Commonly, the membrane thickness of co-extrudates is evaluated offline via optical microscopy or µ-CT imaging of single cross-sectional cuts (Eder et al., 2017, Tzeng and Chen, 2014, Vynckier et al., 2015). However, both methods are associated with several drawbacks: in both cases, the assessment is time-consuming and destroys the samples due to the required cuts or the exposure to ionizing radiation. Moreover, the results might not be representative for the extrusion process used, since only small fractions of a strand are investigated and manual cutting potentially induces changes in the membrane geometry due to mechanical stress. Consequently, a quick, non-destructive and reproducible method to evaluate the membrane thickness of co-extruded reservoir systems would be of high interest.

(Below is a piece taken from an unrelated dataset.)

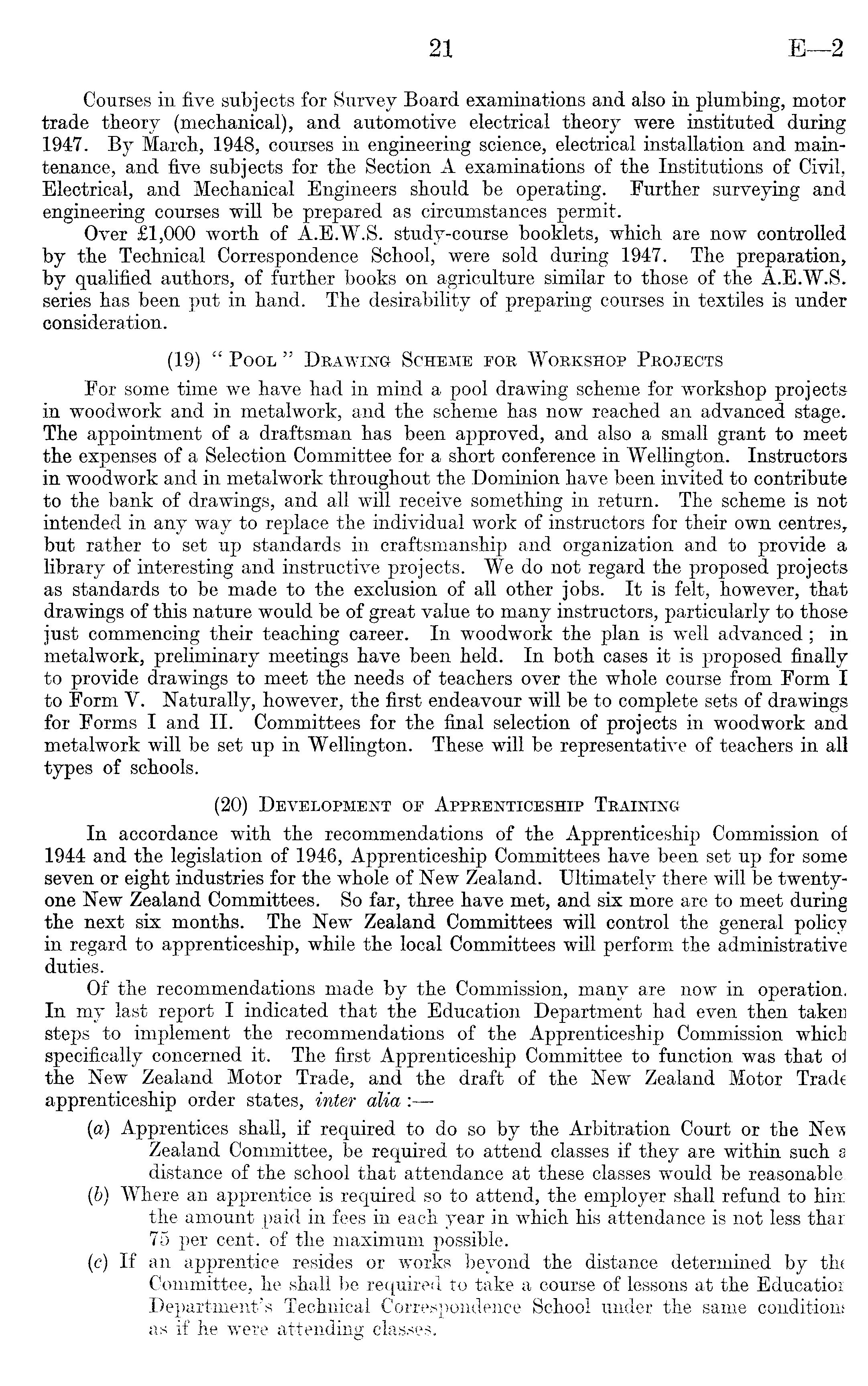 Courses in five subjects for Survey Board examinations and also in plumbing, motor trade theory (mechanical), and automotive electrical theory were instituted during 1947. By March, 1948, courses in engineering science, electrical installation and maintenance, and five subjects for the Section A examinations of the Institutions of Civil, Electrical, and Mechanical Engineers should be operating. Further surveying and engineering courses will be prepared as circumstances permit. Over £l,OOO worth of A.E.W.S. study-course booklets, which are now controlled by the Technical Correspondence School, were sold during 1947. The preparation, by qualified authors, of further books on agriculture similar to those of the A.E.W.S. series has been put in hand. The desirability of preparing courses in textiles is under consideration. (19) " Pool " Drawing Scheme eor Workshop Projects For some time we have had in mind a pool drawing scheme for workshop projects in woodwork and in metalwork, and the scheme has now reached an advanced stage. The appointment of a draftsman has been approved, and also a small grant to meet the expenses of a Selection Committee for a short conference in Wellington. Instructors in woodwork and in metalwork throughout the Dominion have been invited to contribute to the bank of drawings, and all will receive something in return. The scheme is not intended in any way to replace the individual work of instructors for their own centres, but rather to set up standards in craftsmanship and organization and to provide a library of interesting and instructive projects. We do not regard the proposed projects as standards to be made to the exclusion of all other jobs. It is felt, however, that drawings of this nature would be of great value to many instructors, particularly to those just commencing their teaching career. In woodwork the plan is well advanced; in metalwork, preliminary meetings have been held. In both cases it is proposed finally to provide drawings to meet the needs of teachers over the whole course from Form I to Form Y. Naturally, however, the first endeavour will be to complete sets of drawings for Forms I and 11. Committees for the final selection of projects in woodwork and metalwork will be set up in Wellington. These will be representative of teachers in all types of schools. (20) Development of Apprenticeship Training In accordance with the recommendations of the Apprenticeship Commission of 1944 and the legislation of 1946, Apprenticeship Committees have been set up for some seven or eight industries for the whole of New Zealand. Ultimately there will be twentyone New Zealand Committees. So far, three have met, and six more are to meet during the next six months. The New Zealand Committees will control the general policy in regard to apprenticeship, while the local Committees will perform the administrative duties. Of the recommendations made by the Commission, many are now in operation. In my last report I indicated that the Education Department had even then taker steps to implement the recommendations of the Apprenticeship Commission whicl specifically concerned it. The first Apprenticeship Committee to function was that oi the New Zealand Motor Trade, and the draft of the New Zealand Motor Trade apprenticeship order states, inter alia : {a) Apprentices shall, if required to do so by the Arbitration Court or the New Zealand Committee, be required to attend classes if they are within such a distance of the school that attendance at these classes would be reasonable (b) Where an apprentice is required so to attend, the employer shall refund to birr the amount paid in fees in each year in which his attendance is not less thar 75 per cent, of the maximum possible. (c) If an apprentice resides or works beyond the distance determined by the Committee, he shall be required to take a course of lessons at the Educatior Department's Technical Correspondence School under the same conditions as if he were attending classes.

Our study closes this gap by presenting an inline, non-invasive methodology based on optical coherence tomography (OCT) to evaluate the membrane characteristics of ethylene-vinyl acetate (EVA) based co-extrudates, aiming at quicker but simultaneously more representative results. OCT is a fast and non-destructive technology based on low coherence interferometry, providing sub-surface information by reconstruction of optical echoes from structures inside semi-transparent materials. For the past 30 years, OCT has become an established technology in the field of medicine, especially in ophthalmic medical imaging (Leitgeb et al., 2021). Apart from medical applications, OCT was used to investigate pharmaceutical coating applications (Markl et al., 2014, Wolfgang et al., 2019a), shedding light on different aspects of the associated processes (Korasa and Vrečer, 2018) and their correlation to critical quality attributes of the resulting dosage forms (Wolfgang et al., 2022). Especially in pharmaceutical tablet coating processes, OCT enables the determination of the correct end-point and provides real-time information on coating thickness, coating variability, layer homogeneity and surface roughness, potentially enabling active process control (Sacher et al., 2019). However, most of the studies published so far dealt with the investigation of tablet coatings in a thickness range of up to 200 µm for clear, unpigmented functional coatings (Lin et al., 2017). Consequently, it was assumed by the scientific community that the penetration depth of OCT might not be sufficient for the investigation of co-extruded dosage forms, considering membrane thicknesses of several hundred microns and materials with considerable isotropy such as the involved polymers. The present manuscript proves the opposite by revealing that OCT is capable of reconstructing buried structures 400 µm deep in the relevant polymers by employing averaging and a suitable optical setup. Consequently, the present manuscript highlights the gained possibilities of OCT for in-line membrane analyses in pharmaceutical co-extrusion manufacturing lines.